[Records from a dataset]
***

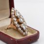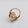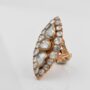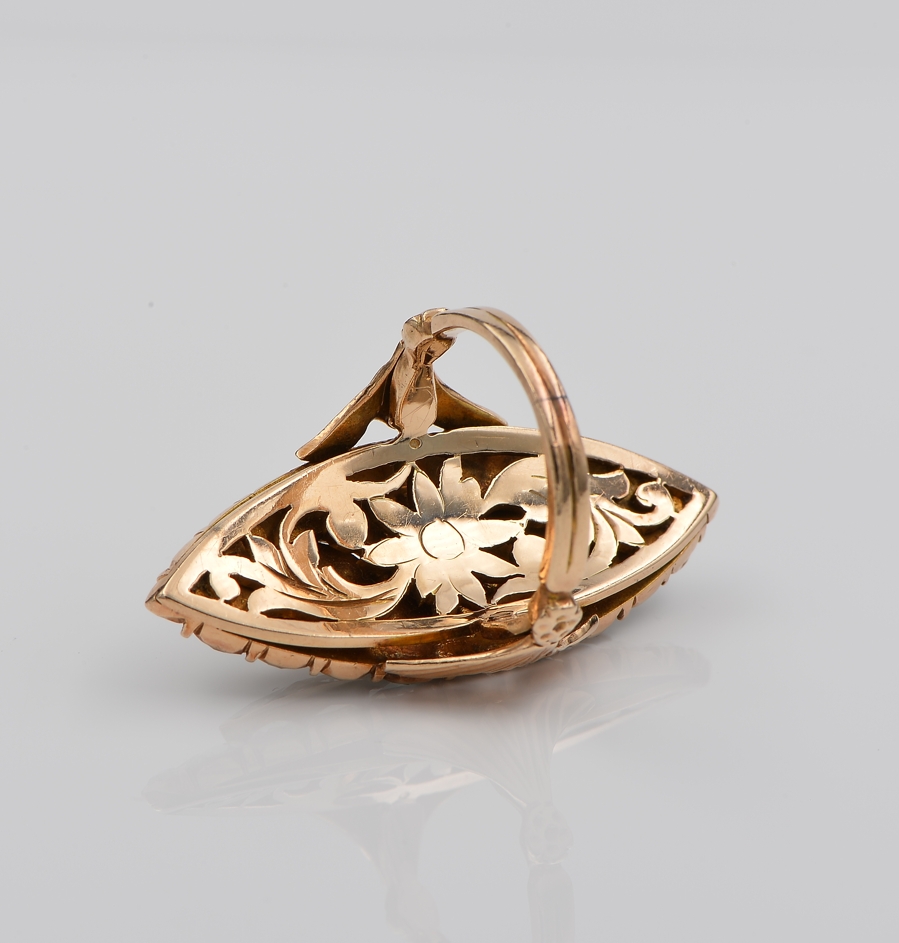 This extremely beautiful and rare navette ring is 19th century, made of solid 14/15 Kt solid gold – tested – boasts an amazing workmanship with carved -Forget Me Not- details on the reverse and rich Diamond crown facing up
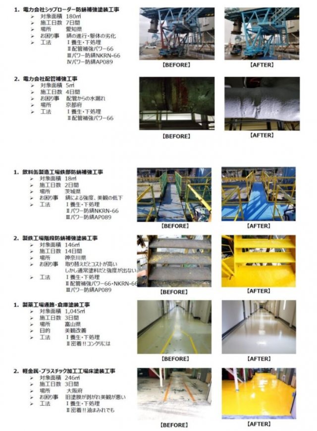 この様な特殊技術を持った塗装により、錆で劣化が進んだ階段、配管、タンク等、また油汚れの多い工場の床、厨房の床など、美観を保つだけでなく補強と延命化が可能となります。特に錆による劣化は環境面、安全面においても対策が必要になります。更新より手軽に計画ができるので施工が可能であれば断然お勧めの対策となります。
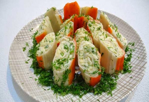 Интересная закуска получается из крабовых палочек, фаршированных рисом. Готовить несложно и съедается быстро. Все будут просить ваш рецепт, чтобы повторить сей закусочный шедевр. Но прежде чем это произойдет, необходимо научиться готовить. Список продуктов для приготовления крабовых палочек с рисом:
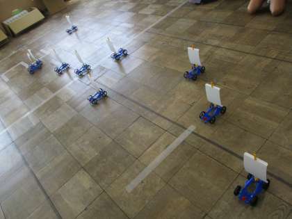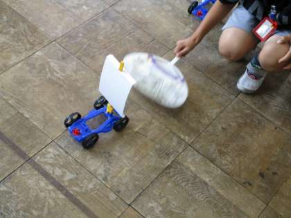 理科の学習で、風で走る車を作りました。子どもたちは、強い風と弱い風を試しながら、目標となる位置に車を上手にコントロールしていました。
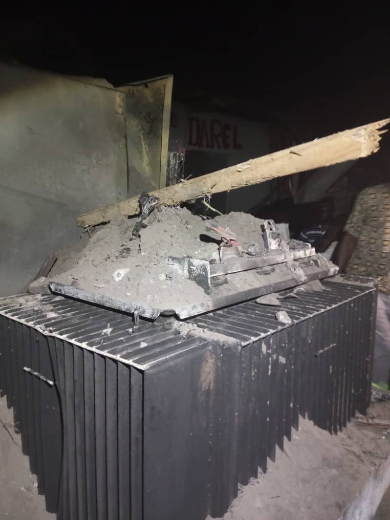 La population de ce coin venue en renfort pour éteindre ce feu n’a pu sauver cet engin important pour la fourniture en électricité.
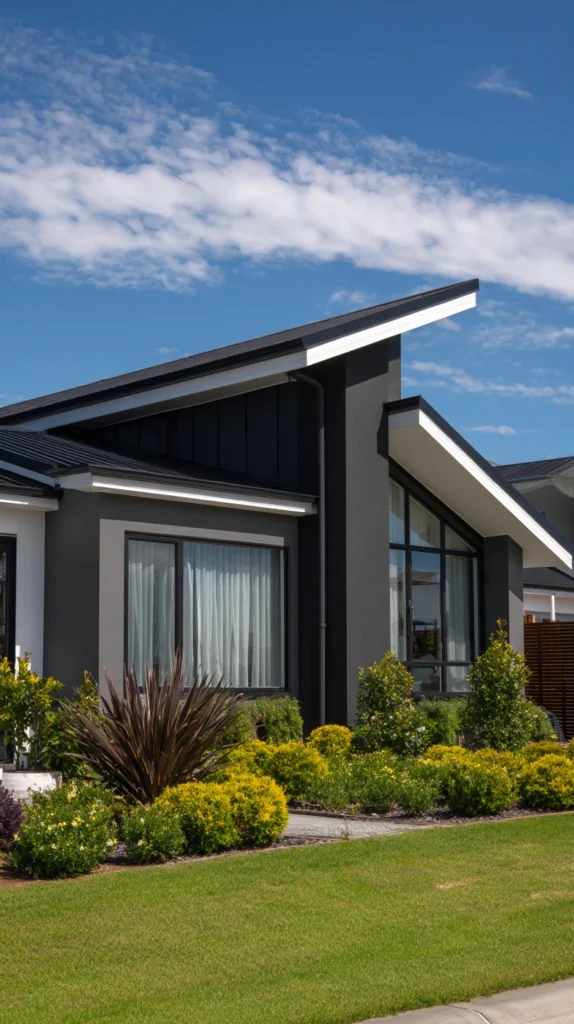 Grey walls with a dark grey or black roof and white painted fascias create a clear vertical hierarchy. The dark roof anchors the top, the white fascias define the boundary between wall and roof, and the grey provides the calm unified field between. Choose a matte roofing material in concrete tile, natural slate, or matte metal for the depth that coordinates with grey walls most naturally.

***

● **WHAT IS BEING ASKED**
Transcribe exactly, and only, the lines from the one with "La population de" through the final line of the data above. The pictures stay out.

● **RESULT OF THIS EXERCISE**
 La population de ce coin venue en renfort pour éteindre ce feu n’a pu sauver cet engin important pour la fourniture en électricité.
 Grey walls with a dark grey or black roof and white painted fascias create a clear vertical hierarchy. The dark roof anchors the top, the white fascias define the boundary between wall and roof, and the grey provides the calm unified field between. Choose a matte roofing material in concrete tile, natural slate, or matte metal for the depth that coordinates with grey walls most naturally.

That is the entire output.